![]() |
| Foto: Pexels.com |
www.lpmalkalam.com- Di tengah kemajuan zaman dan derasnya arus modernisasi, ada satu masalah sosial yang sering luput dari perhatian hilangnya peran ayah dalam pengasuhan anak. Fenomena ini dikenal dengan istilah fatherless, yakni kondisi ketika seorang anak tumbuh tanpa kehadiran figur ayah, baik secara fisik maupun emosional.
Di banyak keluarga, ayah masih dianggap hanya sebagai pencari nafkah. Ia bekerja dari pagi hingga malam, pulang dengan tubuh lelah, dan merasa tugasnya selesai begitu kebutuhan ekonomi keluarga terpenuhi. Padahal, anak tidak hanya membutuhkan makanan dan uang, tetapi juga kasih sayang, bimbingan, dan keteladanan dari sosok ayah.
“Sejak kecil aku jarang bicara dengan Ayah. Beliau selalu sibuk bekerja, bahkan di rumah pun jarang tersenyum. Kadang aku merasa seperti tidak punya ayah, padahal beliau ada,” ujar Siti, seorang remaja berusia 17 tahun yang tumbuh dalam keluarga yang tampak lengkap, tetapi sebenarnya sunyi.
Kisah Siti bukanlah satu-satunya. Banyak anak di luar sana yang mengalami hal serupa hidup bersama ayah, namun tanpa sentuhan dan perhatian seorang ayah. Mereka tumbuh dengan rasa hampa, kesepian, dan kebingungan dalam mencari figur yang bisa mereka jadikan panutan.
Fenomena fatherless bukan hanya terjadi karena perceraian atau kepergian ayah secara fisik, tetapi juga karena kehilangan kedekatan emosional antara ayah dan anak. Dalam banyak kasus, ayah terlalu sibuk dengan pekerjaan, merasa canggung menunjukkan kasih sayang, atau menyerahkan sepenuhnya peran pengasuhan kepada ibu. Akibatnya, anak kehilangan sosok pelindung yang bisa menjadi tempat bersandar, berdiskusi, atau sekadar berbagi cerita.
Penelitian menunjukkan bahwa anak yang tumbuh tanpa peran ayah cenderung memiliki risiko lebih tinggi terhadap masalah emosi, perilaku, dan sosial. Mereka bisa merasa tidak percaya diri, sulit membentuk hubungan sehat, bahkan rentan terjerumus dalam perilaku menyimpang. Ayah adalah simbol stabilitas dan ketegasan dalam keluarga ketika sosok itu hilang, keseimbangan emosional anak pun ikut terganggu.
Kehilangan peran ayah juga berdampak besar terhadap pola pendidikan karakter. Ayah seharusnya menjadi teladan dalam hal disiplin, tanggung jawab, dan nilai-nilai moral. Ketika anak tidak mendapatkan hal itu dari rumah, mereka akan mencari figur lain di luar rumah yang belum tentu membawa pengaruh baik.

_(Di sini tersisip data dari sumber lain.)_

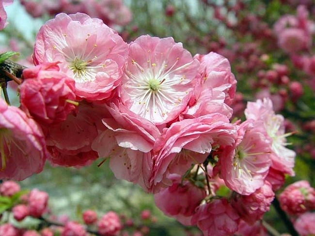 Саженцы Миндаля трехлопастного на штамбе (Prunus triloba) – эффектный кустарник, сменяющий листья каждый сезон. За свою красоту многие называют его японской вишней, но ничего общего, кроме внешнего сходства с сакурой у него нет. Цветы располагаются на побегах, образуют группку из двух бутонов. Лепестки имеют разные оттенки розового цвета. Цветёт этот вид миндаля в апреле-мае. Листья появляются после того, как опадут бутоны. Они плотно облепляют ветви. Миндаль хорошо растёт на солнце и в полутени. Не боится морозов, но первые бутоны могут пострадать от ночных заморозков. Растение подходит как для сада, так и для городского ландшафта.

Dalam budaya Indonesia, konsep fatherless sering kali dianggap tabu. Masyarakat masih beranggapan bahwa selama ayah memberikan nafkah, maka ia sudah menjalankan kewajiban. Padahal, ayah sejati bukan hanya yang hadir di dompet, tetapi juga yang hadir di hati anaknya.
Peran ayah dalam pengasuhan tidak dapat digantikan oleh siapa pun. Keterlibatan ayah membantu anak memahami batas, mengambil keputusan, dan membangun rasa aman. Bahkan dalam psikologi perkembangan, kehadiran ayah diyakini berpengaruh besar terhadap pembentukan identitas anak, terutama pada masa remaja.
Sudah saatnya kita membuka mata dan menyadari bahwa menjadi ayah bukan hanya soal tanggung jawab ekonomi, tetapi juga tanggung jawab emosional dan spiritual. Seorang ayah harus belajar hadir, mendengarkan, dan membangun komunikasi dengan anaknya. Bukan sekadar datang saat marah atau menegur, melainkan juga saat anak butuh pelukan dan pengertian.
Jika fenomena fatherless terus dibiarkan, maka kita sedang menciptakan generasi yang tumbuh tanpa arah generasi yang mungkin cerdas secara akademik, tetapi rapuh secara emosional.
Siti, dan ribuan anak lain yang mengalami kehilangan peran ayah, adalah cermin dari persoalan yang lebih besar hilangnya kedekatan dalam keluarga modern. Dan mungkin, sudah saatnya setiap ayah berhenti sejenak, meletakkan ponsel dan pekerjaan, lalu menatap mata anaknya dan berkata, “Ayah di sini, Nak.”
Karena sejatinya, kehadiran ayah bukan sekadar soal waktu, tetapi soal hati yang hadir sepenuhnya.